The listing below should be reproduced exactly, with the pictures omitted.

○ ○ ○ ○ ○ ○ ○

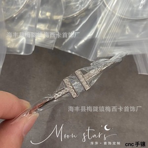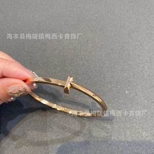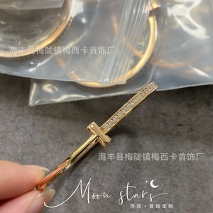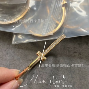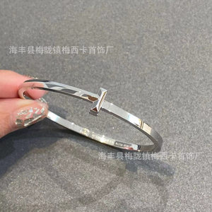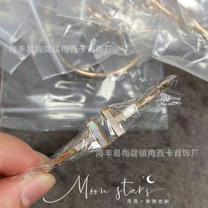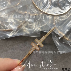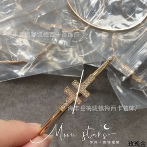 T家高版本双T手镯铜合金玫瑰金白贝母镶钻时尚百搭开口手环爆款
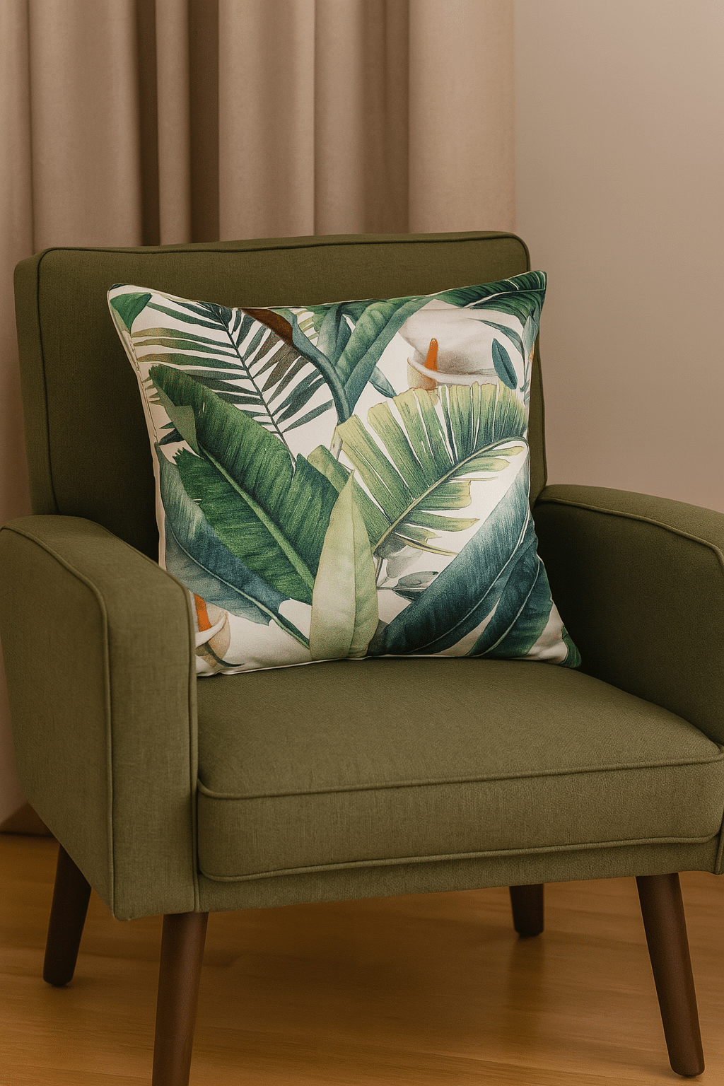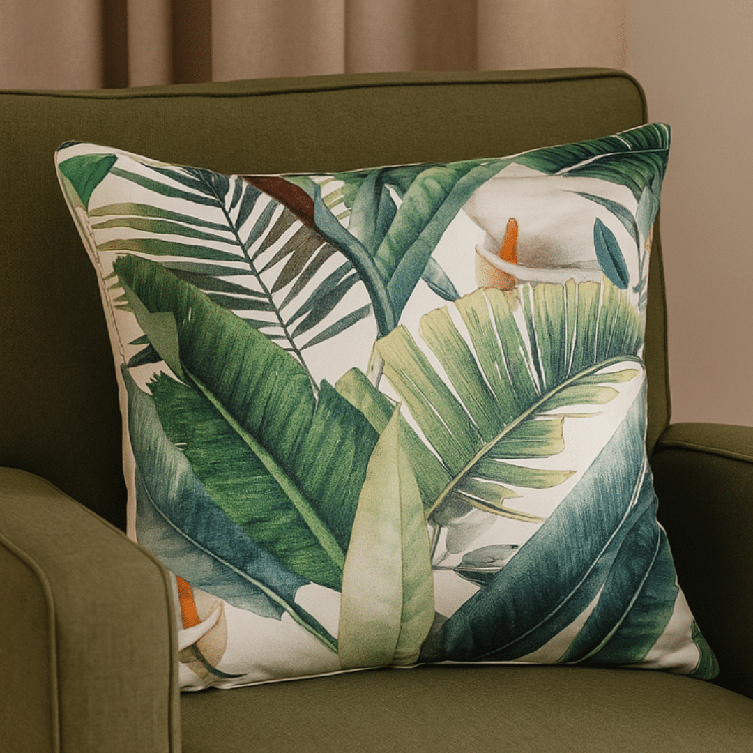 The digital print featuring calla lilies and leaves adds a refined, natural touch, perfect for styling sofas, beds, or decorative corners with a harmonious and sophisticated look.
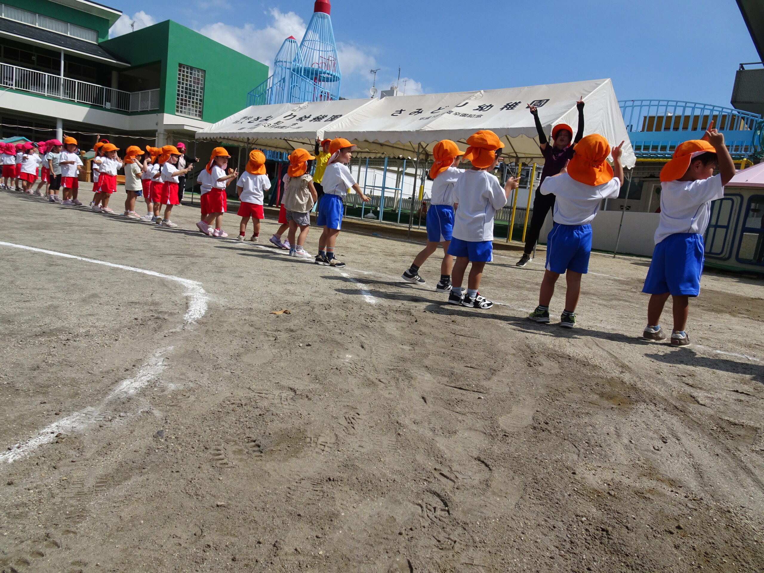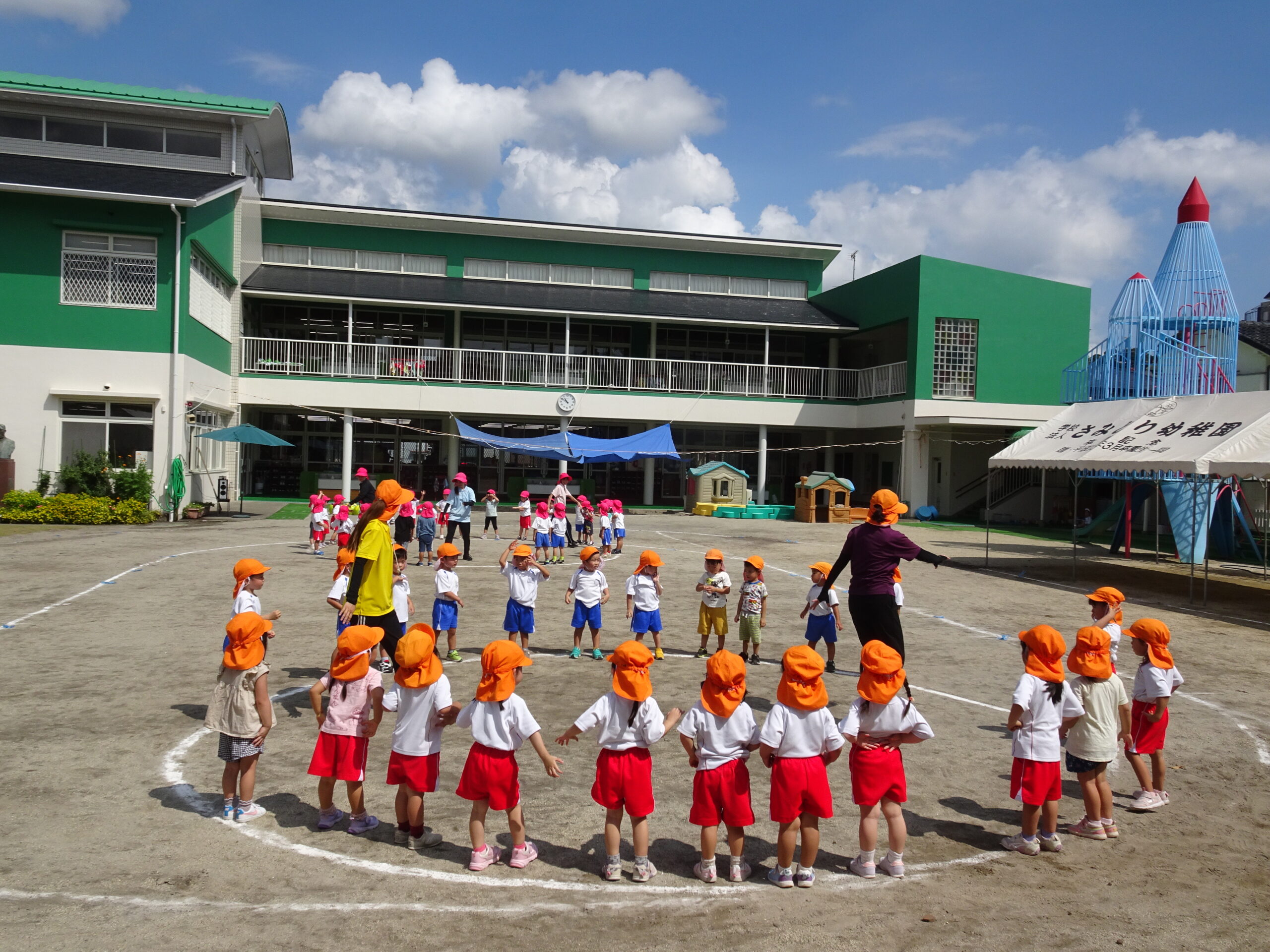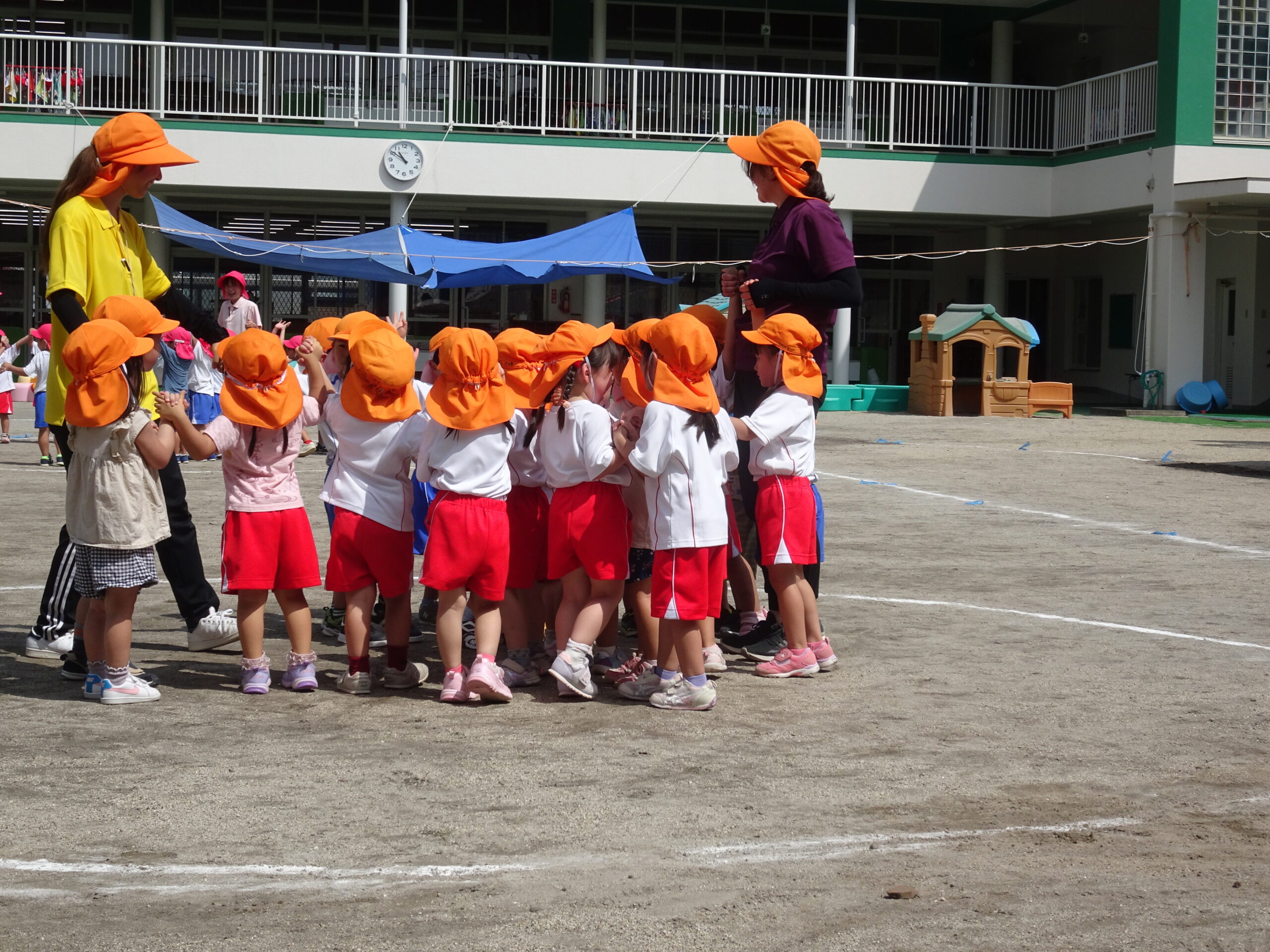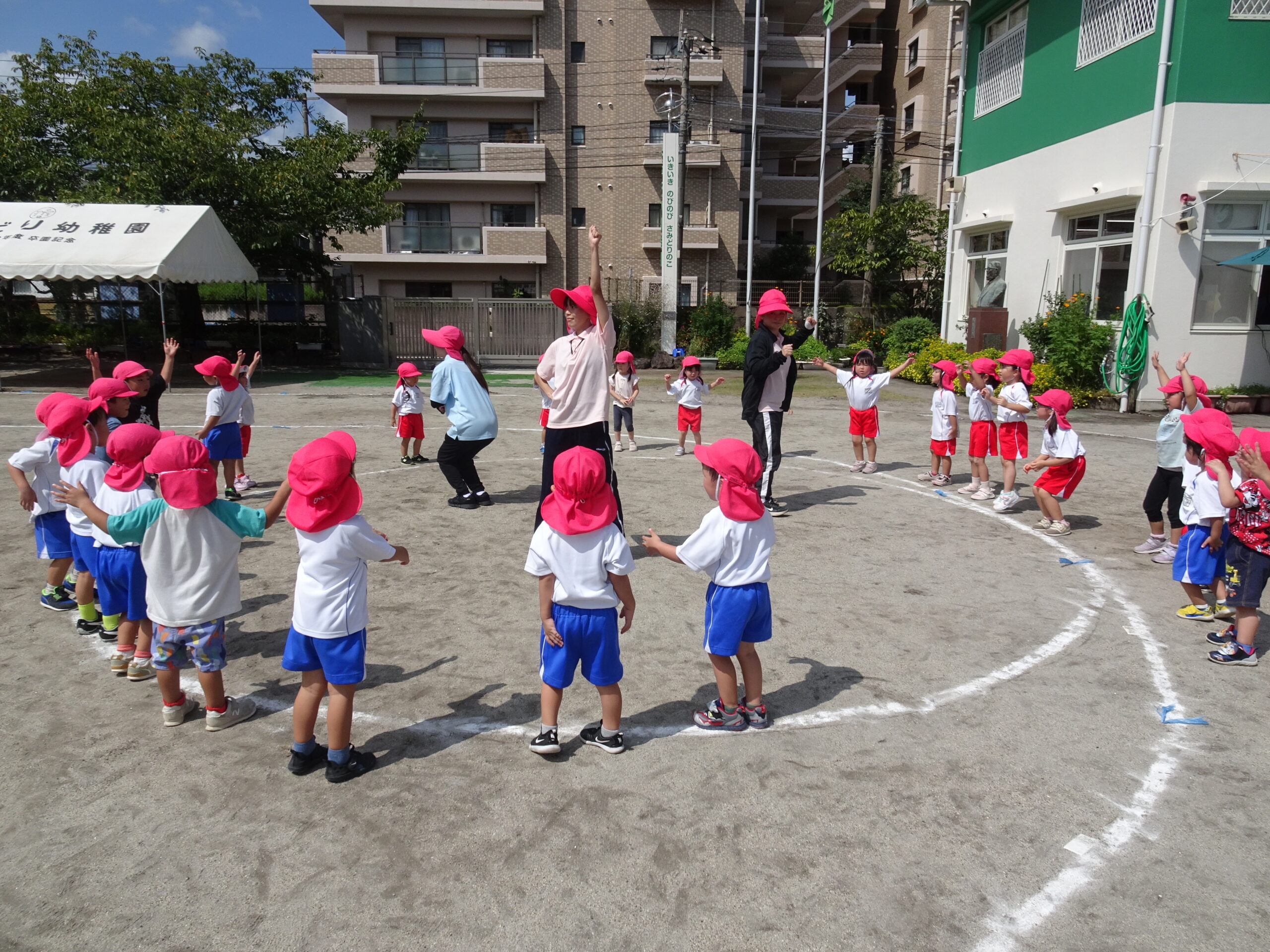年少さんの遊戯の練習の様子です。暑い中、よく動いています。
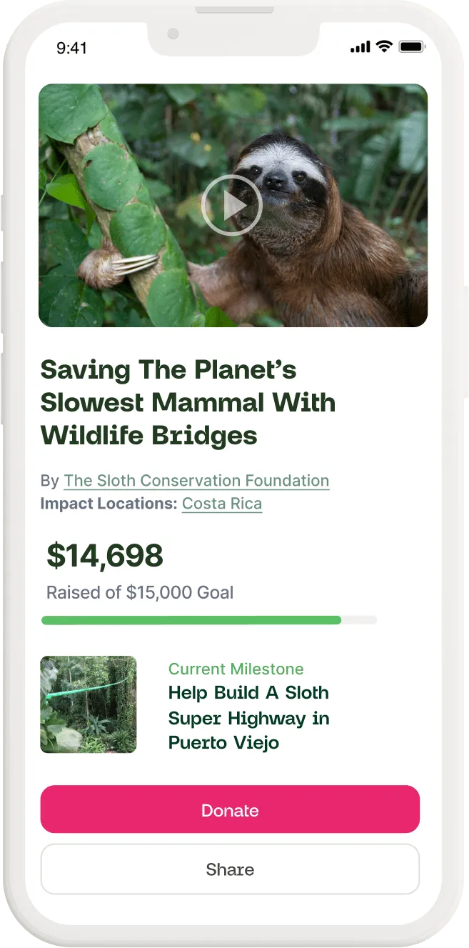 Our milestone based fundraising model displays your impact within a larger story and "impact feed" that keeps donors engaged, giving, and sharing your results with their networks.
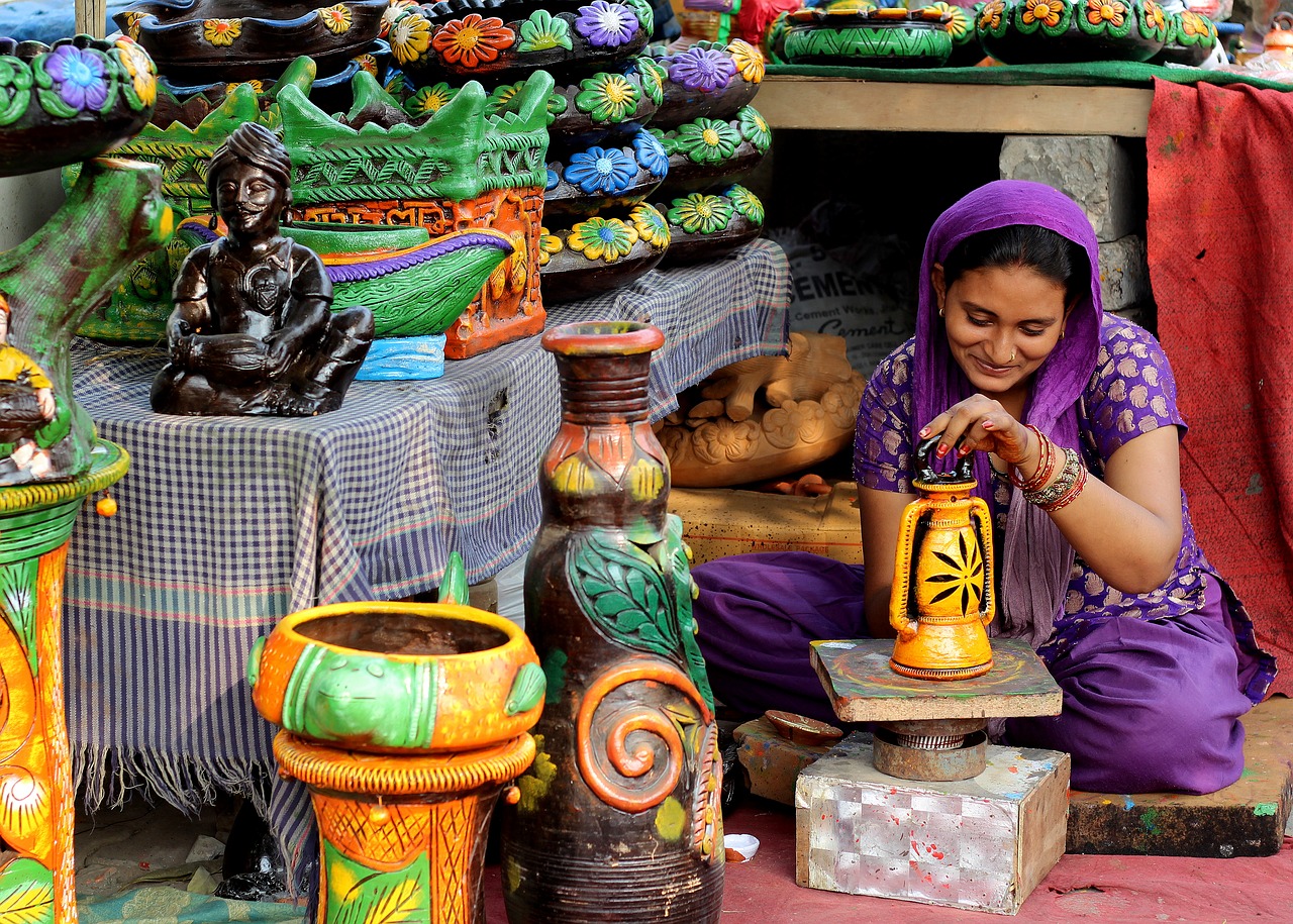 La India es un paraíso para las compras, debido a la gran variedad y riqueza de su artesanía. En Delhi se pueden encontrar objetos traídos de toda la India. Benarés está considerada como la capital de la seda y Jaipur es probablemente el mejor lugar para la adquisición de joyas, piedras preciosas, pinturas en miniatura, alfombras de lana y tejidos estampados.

○ ○ ○ ○ ○ ○ ○

- Finished task -
 T家高版本双T手镯铜合金玫瑰金白贝母镶钻时尚百搭开口手环爆款
 The digital print featuring calla lilies and leaves adds a refined, natural touch, perfect for styling sofas, beds, or decorative corners with a harmonious and sophisticated look.
年少さんの遊戯の練習の様子です。暑い中、よく動いています。
 Our milestone based fundraising model displays your impact within a larger story and "impact feed" that keeps donors engaged, giving, and sharing your results with their networks.
 La India es un paraíso para las compras, debido a la gran variedad y riqueza de su artesanía. En Delhi se pueden encontrar objetos traídos de toda la India. Benarés está considerada como la capital de la seda y Jaipur es probablemente el mejor lugar para la adquisición de joyas, piedras preciosas, pinturas en miniatura, alfombras de lana y tejidos estampados.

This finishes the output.